▶ _COLLECTED DATA_
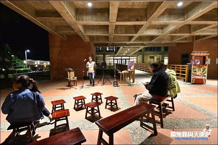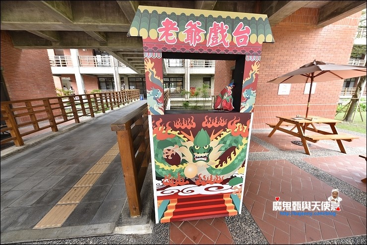 大廳後頭的通廊有許多傳統的童玩,連布袋戲台都出現啦!我們入住時晚上還有野台音樂會,最近天氣冷嗖嗖,記得多穿件衣服再下來。
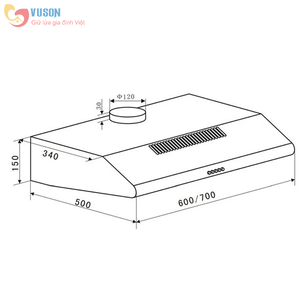 • Kích thước sản phẩm 700R x 505S x 150C mm
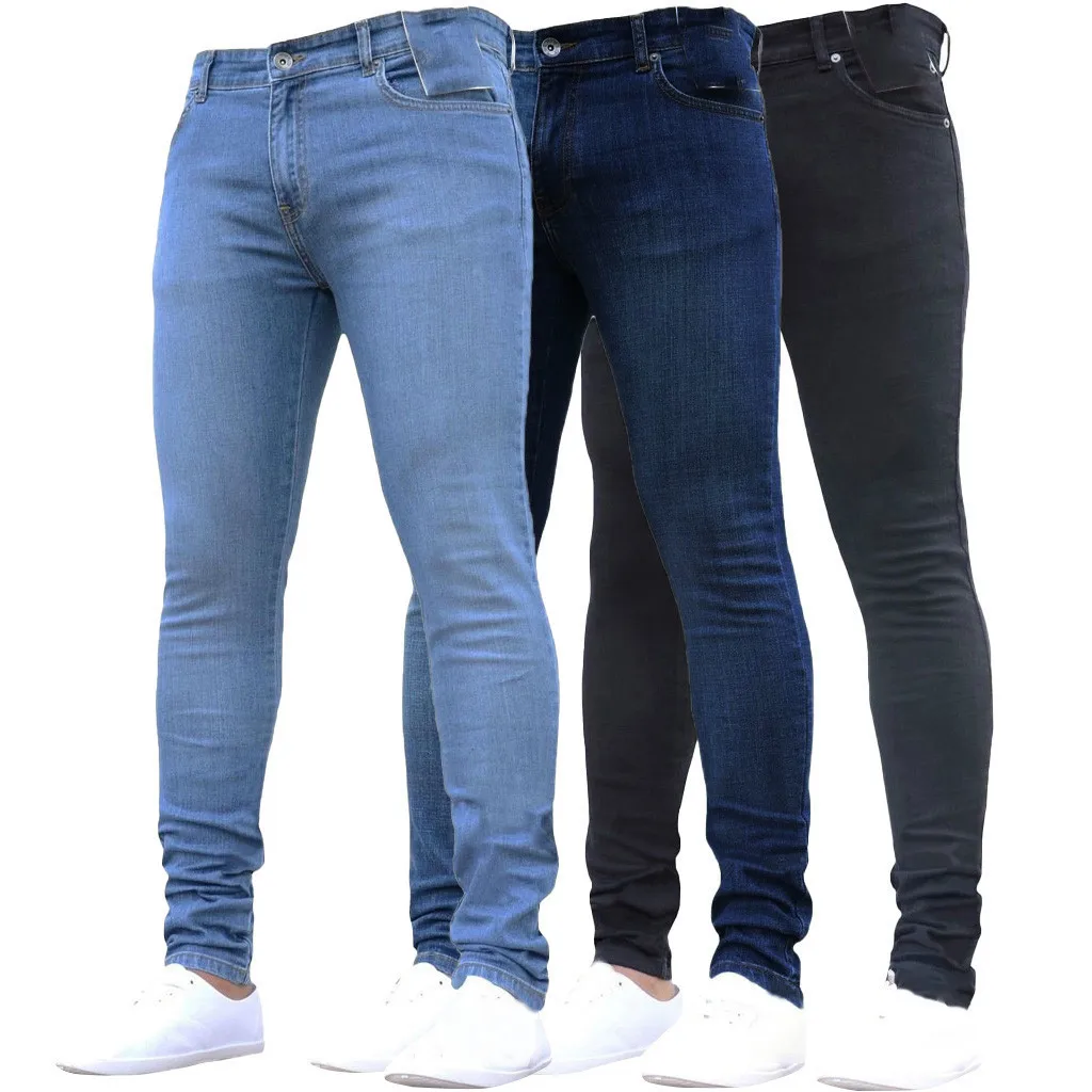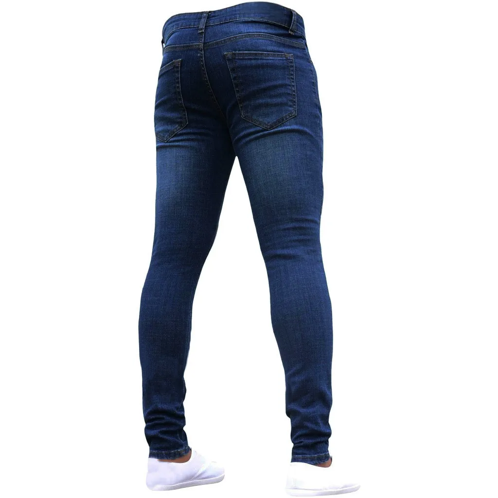 Мужские брюки с высокой талией, Стрейчевые джинсы на молнии, повседневные облегающие брюки, мужские джинсы-карандаш, джинсы скинни для мужчин

▶ _WHAT IS EXPECTED_
A word-for-word copy of all the data, without pictures, is the expected output.

▶ _FINISHED TASK_
 大廳後頭的通廊有許多傳統的童玩,連布袋戲台都出現啦!我們入住時晚上還有野台音樂會,最近天氣冷嗖嗖,記得多穿件衣服再下來。
 • Kích thước sản phẩm 700R x 505S x 150C mm
 Мужские брюки с высокой талией, Стрейчевые джинсы на молнии, повседневные облегающие брюки, мужские джинсы-карандаш, джинсы скинни для мужчин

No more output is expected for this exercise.